Columbia was the BITNET/Internet/CCnet gateway for the first third of the 1980's.  I was the systems programmer who maintained the 20's IBM RJE entry software (IBMSPL) as well as the DN60 (PDP-11) front end HASP and bi-sync drivers, one of the reasons being that I knew 360 assembler and PDP-11 macro.

At the time, I believe BITNET had some absurd number of IBM 'hosts'; I recall the number being something like 12,000.  Whatever it was, it was eye popping.  I think it was world-wide.

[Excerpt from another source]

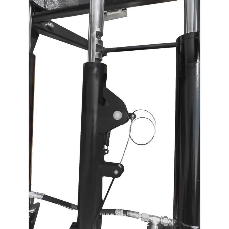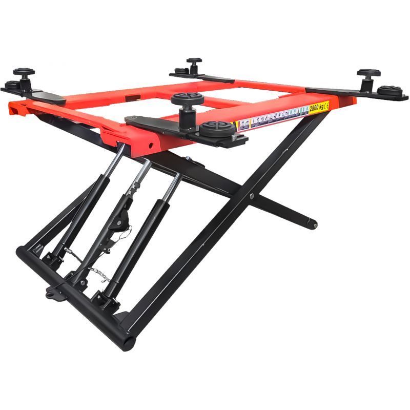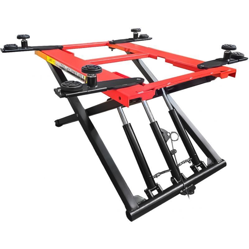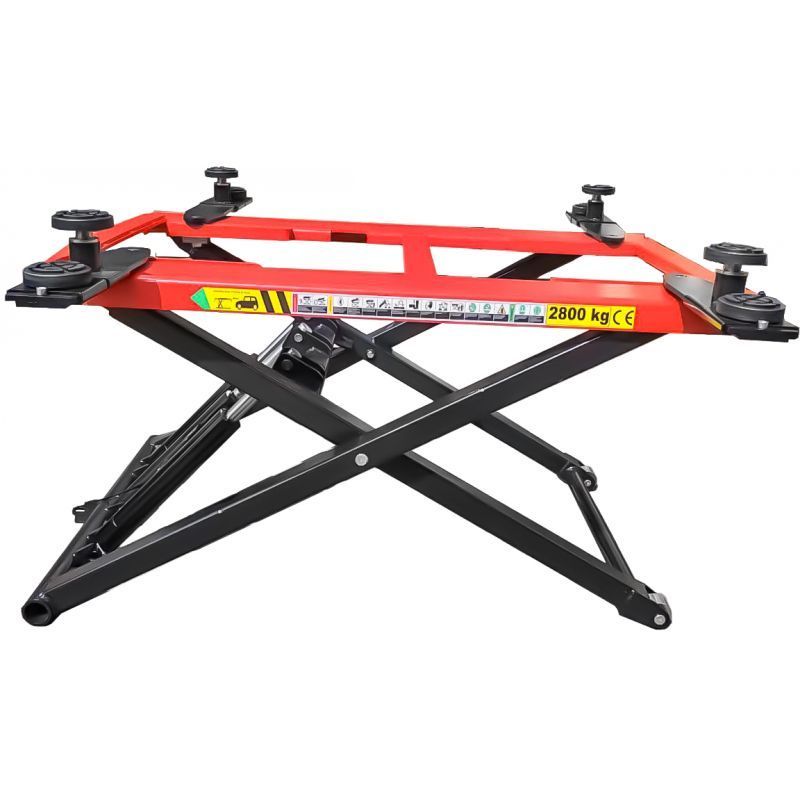 Škarasta konstrukcija osigurava ravnomjerno podizanje i dobru stabilnost vozila. Gumene podloge dodatno štite kontaktne točke i sprječavaju klizanje. Sigurnosni prekidač i upravljačka kutija omogućuju kontrolirano rukovanje.
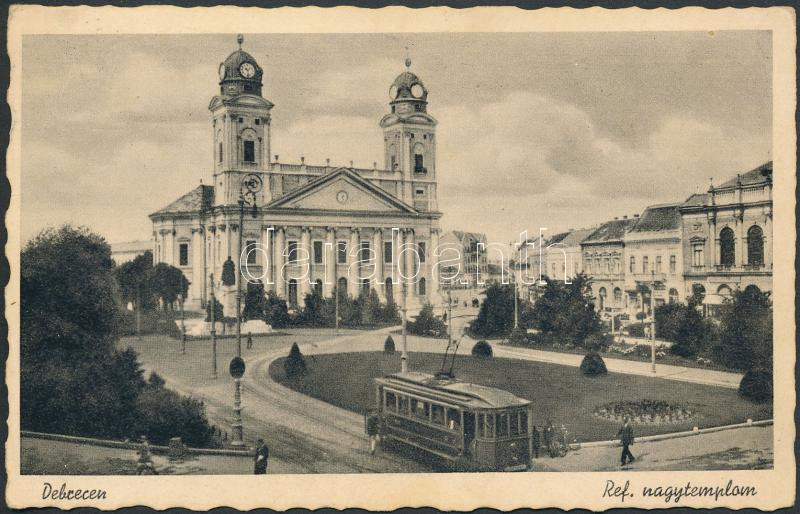 Debrecen, Református nagytemplom, villamos https://www.darabanth.com/hu/275-Gyorsarveres/275.0/Kepeslapok/Magyarorszag~400010/Debrecen-Reformatus-nagytemplom-villamos~II1405492

This was pre-SNA/LU 6.2, by the way, so they all looked like RJE workstations and communicated by 'punching' decks of cards to each other.  So there were no interactive services, but a large amount of work was done via batch (still is via TSO), so most of the time you didn't notice any real difference.

Personally, I vastly preferred editing my JCL with Emacs instead of Xedit.  If it were a choice between TECO and Xedit, it depended on what kind of mood I was in.


On 3/11/23 9:32 PM, Robert Armstrong wrote:

  How big was BITNET?   When I was at DEC Easynet had around 5000 nodes.  I heard that it topped out at somewhere around 50,000 in the early 90s, but that was after my time.


Thomas DeBellis <tommytimesharing@gmail.com> wrote:

The thing that was gigantic was BITNET, back in the day.